12-09-2017, 12:23 PM
In computing, a data warehouse (DW or DWH), also known as a company data warehouse (EDW), is a system used for reporting and data analysis, and is considered a basic component of business intelligence . DWs are central repositories of integrated data from one or more disparate sources. They store current and historical data in one place and are used to create analytical reports for knowledge workers across the enterprise.
Data stored in the warehouse is loaded from operating systems (such as marketing or sales). The data can be passed through an operational data warehouse and may require data cleaning for additional operations to ensure the quality of the data before being used in the DW for reporting purposes.
The typical data warehouse based on extraction, transformation, load (ETL) uses layers of staging, data integration and access to host its key functions. The staging layer or the staging database stores the raw data extracted from each of the disparate source data systems. The integration layer integrates the disparate data sets by transforming the data from the buffer layer by often storing this transformed data into an operational data store (ODS) database. Integrated data is transferred to another database, often called a data warehouse database, where data is organized into hierarchical groups, often called dimensions, and in aggregate facts and facts. The combination of facts and dimensions is sometimes called a star schema. The access layer helps users recover data.

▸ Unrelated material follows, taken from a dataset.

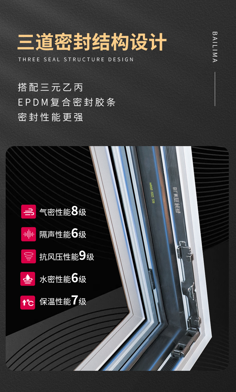 3、多腔體結(jié)構(gòu),三元乙丙密封膠條,層層密封

The main source of data is cleaned, transformed, catalouged and made available to managers and other business professionals for data mining, online analytical processing, market research and decision support. However, the means to retrieve and analyze data, extract, transform, and load data and manage the data dictionary are also considered essential components of a data storage system. Many references to data warehousing use this broader context. Therefore, an expanded definition of data warehousing includes business intelligence tools, tools for extracting, transforming and loading data into the repository, and tools for managing and retrieving metadata.
Data stored in the warehouse is loaded from operating systems (such as marketing or sales). The data can be passed through an operational data warehouse and may require data cleaning for additional operations to ensure the quality of the data before being used in the DW for reporting purposes.
The typical data warehouse based on extraction, transformation, load (ETL) uses layers of staging, data integration and access to host its key functions. The staging layer or the staging database stores the raw data extracted from each of the disparate source data systems. The integration layer integrates the disparate data sets by transforming the data from the buffer layer by often storing this transformed data into an operational data store (ODS) database. Integrated data is transferred to another database, often called a data warehouse database, where data is organized into hierarchical groups, often called dimensions, and in aggregate facts and facts. The combination of facts and dimensions is sometimes called a star schema. The access layer helps users recover data.
The main source of data is cleaned, transformed, catalouged and made available to managers and other business professionals for data mining, online analytical processing, market research and decision support. However, the means to retrieve and analyze data, extract, transform, and load data and manage the data dictionary are also considered essential components of a data storage system. Many references to data warehousing use this broader context. Therefore, an expanded definition of data warehousing includes business intelligence tools, tools for extracting, transforming and loading data into the repository, and tools for managing and retrieving metadata.